O'Sullivan (Ó Súilleabháin, Súileabhánach) is an Irish Gaelic clan based most prominently in what is today County Cork and County Kerry. According to traditional genealogy, the O’Sullivans were descended from the ancient Eóganacht Chaisil sept of Cenél Fíngin, the founder of the clan who was placed in the 9th century, eight generations removed from
Fíngen mac Áedo Duib, king of Cashel or Munster from 601 to 618.
Later, they became the chief princes underneath their close kinsmen, the MacCarthy dynasty, in the small but powerful Kingdom of Desmond, successor of Cashel/Munster.
The last independent ruler of the clan was Donal Cam O'Sullivan Beare, who was defeated in the Nine Years' War of 1594–1603.

== Naming conventions ==

| Male | Daughter | Wife (Long) | Wife (Short) |
|---|---|---|---|
| Ó Súilleabháin | Ní Shúilleabháin | Bean Uí Shúilleabháin | Uí Shúilleabháin |

==History==

===Legendary genealogy===

According to the genealogy recorded in the 17th-century Leabhar na nGenealach, the O'Sullivan clan claimed descent from the Eóganachta dynasty of the Kings of Munster (and via them, ultimately, from Milesius, Fénius Farsaid and Adam). The legendary founder of the clan, Suilebhan mac Maolura is recorded as born in 834 the grandfather of Eochaid (An Ui Suilleabhainn) born in 874, as a descendant from the line of the kings of Munster, of the Eóganachta dynasty, eight generations after Fíngen mac Áedo Duib (d. 618).

===Medieval period===
Following the Norman invasion of Ireland in 1169–71, Norman incursions into Munster were made in the 1180s. The O'Sullivan clan was forced from their original homeland in County Tipperary by the Normans in 1193. Dunlong son of Giolla Mochoda in 1196 from Tipperary to County Kerry.
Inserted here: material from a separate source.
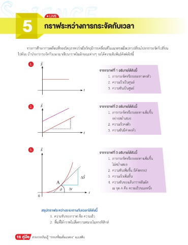 ไปด้วย ถ้าน�าการกระจัดกับเวลามาเขียนกราฟในลักษณะต่างๆ จะได้ความสัมพันธ์ดังต่อไปนี้
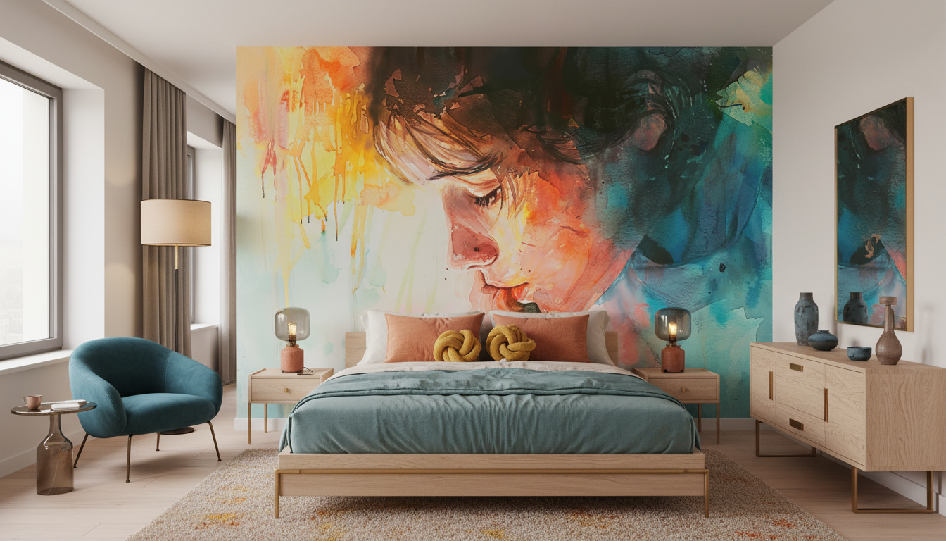 Cette décoration murale artistique s’harmonise parfaitement avec un style déco contemporaine mêlant élégance et audace. Complétez l’ambiance avec des coussins colorés reprenant les teintes du papier peint, quelques plantes vertes pour apporter une note naturelle, et des œuvres d’art aux lignes épurées pour créer une galerie personnelle raffinée.

They divided into several branches and the two main ones are:
- O'Sullivan Mór (Mór indicating larger or greater) in south Kerry, and
- O'Sullivan Beare in the Beara Peninsula, West Cork and South Kerry

The cadet branch of the O'Sullivan Mór dynasty is McGillycuddy of the Reeks (Mac Giolla Mochuda). Of the O'Sullivans Beare the cadet branch was the sept Mac Fineen Duff (Mac Fíghin Dúibh), now thought to be defunct.

The "Beare" suffix came from the Beara peninsula that was named for the Spanish princess Bera, the wife of the first King of
Munster. They continued to be harassed by the Normans and so allied themselves with the McCarthys and the O'Donoghues.

The three clans defeated the Normans in 1261 at the battle of Caisglin near Kilgarvan, just north of Kenmare. They were again victorious the following year. These two battles settled the boundaries between the Normans of
north Kerry (the FitzGeralds) and the three Gaelic families of south Kerry and west Cork.

===Early modern period===
The O'Sullivan Beare clan was further divided in 1592. When Dónal O'Sullivan, the chieftain, was slain in 1563 his son of the same name was but a child two years of age. The Irish laws of Tanistry required that the
title of chieftain be passed on to the most capable of the dead chief's family. As a result, the clan decided that Owen, one of the brothers of the dead chief, would take over control of the clan and become Lord of Beare
and Bantry. Owen acknowledged the English crown and was knighted by Queen Elizabeth.

In 1587 Dónal, now twenty-six years old, decided to claim leadership of the clan. He petitioned the authorities in Dublin, using primogeniture as the basis for his claim, whereby the oldest son should inherit his father's title regardless of his age at the time of his father's death. The English Commission in Dublin was receptive to his argument since they preferred to have the English procedure followed throughout Ireland. In addition Sir Owen had lost influence in Dublin due to implication in the Desmond Rebellion. The Commission found in favor of Dónal, who was now The O'Sullivan Beare. Sir Owen had to be content with Whiddy island and part of Bantry. He died the following year and was succeeded by his son, another Sir Owen.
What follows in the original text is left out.